For Daenerys Targaryen's return to Dragonstone, and the interaction between Drogon and Jon Snow, Shakman spoke about the process that went into creating the scene, saying that "half the time Kit Harington", who portrays Jon Snow, was "acting with a partial dragon snout", and at other times "nothing, or a tennis ball in order to establish a proper eye-line." A "pre-viz" was also created, "in order for Harington to see a visualization of what the scene would look like after post-production was completed and to understand the enormity of Drogon." He continued, "It's tremendous acting, to be able to invent your scene partner, and to be able to navigate a scene like that. Bravo to Kit Harington."
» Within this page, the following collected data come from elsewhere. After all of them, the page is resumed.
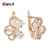 New Rose Gold Women Earrings Glisten Natural Black Zircon Crystal Flower Earrings High Quality Daily Fine Jewelry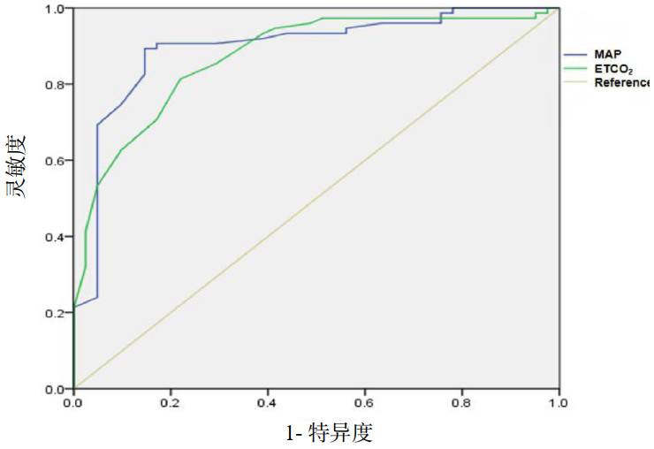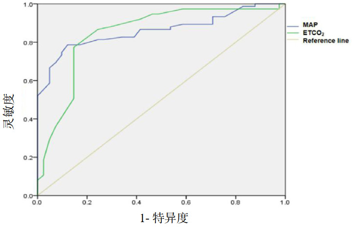 MAP为平均动脉压;ETCO2为呼气末二氧化碳 图 4 气管插管后5 min平均动脉压和呼气末二氧化碳对严重CVC预测的ROC曲线 Fig 4 ROC curve of mean arterial pressure and end expiratory carbon dioxide at 5 min after endotracheal intubation for predicting severe CVC |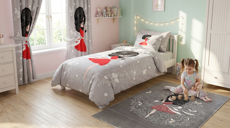 ست فرش و روتختی و پرده دخترانه دختر و پروانه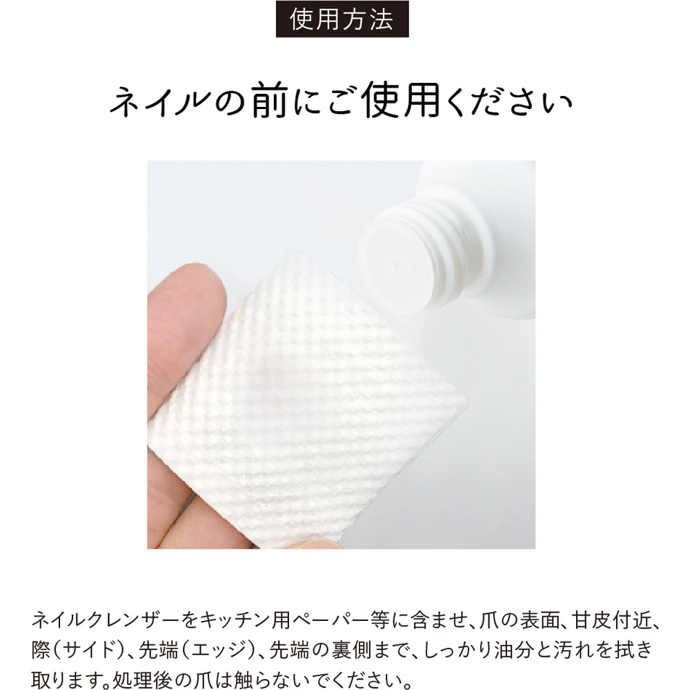 キッチン用ペーパー等に適量を含ませ爪表面、甘皮付近、際(サイド)、先端(エッジ)、先端の裏側までしっかりと油分と汚れを拭き取ります。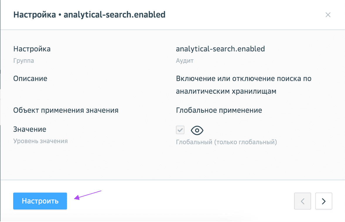 Также окно настройки функциональности можно вызвать, нажав на строку с искомой настройкой в таблице и в открывшемся окне с подробной информацией о настройке, нажать кнопку «Настроить».

Shakman also talked about directing Harington and Emilia Clarke, who portrays Daenerys, saying: "Even though they haven't interacted much on the show at all, except for this season, know each other very well. So there's a familiarity there that helps them as actors. They both have great respect for each other and are both very talented, so the scenes are relatively easy to craft due to the familiarity between them that works."

Shakman also spoke about the direction for the scene between Samwell Tarly and Gilly at the Citadel, noting that despite the importance of the information that Gilly was revealing regarding Rhaegar Targaryen, his intent was to focus primarily on John Bradley as Sam, saying, "I knew the information was huge, and there's no need to underline it at all. I put all of that information off-camera and pushed in on John Bradley as he was dealing with the crisis of the moment, which was his frustration with the maesters and ultimately coming to the conclusion that he doesn't want to be a part of it anymore. The fact that it happens to be dropping a giant piece of information about Jon's lineage and his claim to the throne, I felt it was better to have that happen without any kind of underlining." He also disclosed that the effect of this reveal will be felt in future episodes as Daenerys and Jon's relationship changes.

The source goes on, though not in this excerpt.